Jh-Kyung mengambilnya dengan senang hati dan langsung menuangkan semua isinya ke mangkuk supnya.
Istri Chef memuji selera makan Yi Kyung. Yi Kyung bercanda, aku selalu makan banyak, sepertinya aku pengemis di kehidupanku dulu.

Joon hee datang dan mengeluh, ada pelanggan yang tidak mengawasi anaknya. Anak itu lari ke sana sini dan ia diam saja.
Anak itu memecahkan gelas dan menangis. Ibunya kesal dan marah-marah, tapi tidak melakukan apa-apa.

Jh-Kyung mendekati mereka dan menyapu pecahan gelas, apa kau luka? jangan menangis.
Ibu anak itu minta tissue ke JH-Kyung untuk anaknya, tapi anaknya menepisnya sampai jatuh. Ibunya marah dan duduk, aku tidak peduli, nangis aja terus!

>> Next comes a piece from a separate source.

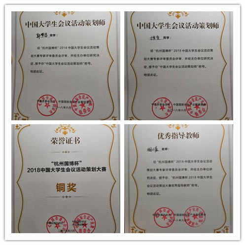 2018年6月25-26日,米兰milan官方网站派出代表队参加了在海口举办的“杭州国博”杯2018中国大学生会议活动策划大赛,荣获大赛决赛铜奖,指导老师烟小康荣获了优秀指导教师的殊荣。
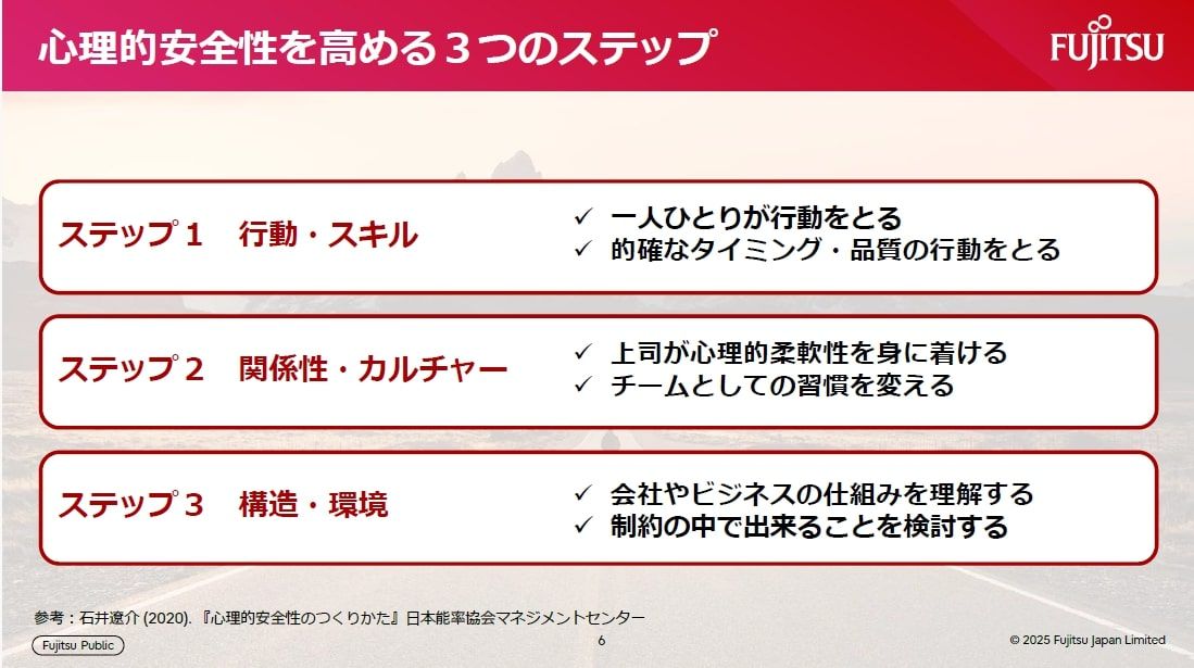 さらに、心理的安全性を組織に根付かせ、高めていくための具体的な「3つのステップ」をご紹介し、人事担当者として明日からチームや組織にポジティブな変化をもたらすために何ができるのか、アクションを提案します。

Jh-Kyung memungut tisuenya dan berkata lihat, tisuenya akan terluka kalau jatuh. JH-Kyung menyobek2 tisue itu ..Aku harus memperbaikinya. Jh-Kyung membulatkannya.

Jh-Kyung memberikan tisue itu ke anak kecil itu, mana tanganmu, pegang dengan erat, kakak akan menaburkan bubuk ajaib, lalu JH-Kyung pura2 menaburkan sesuatu, selesai, buka!
Anak itu membuka tangan dan tisue itu menyatu lagi :) 

Jh-Kyung mengulurkan dua kepalan tangannya, tebak yang mana?
Anak itu menunjuk salah satu, tarra..ada permen. Anak itu senang sekali dan berhenti menangis.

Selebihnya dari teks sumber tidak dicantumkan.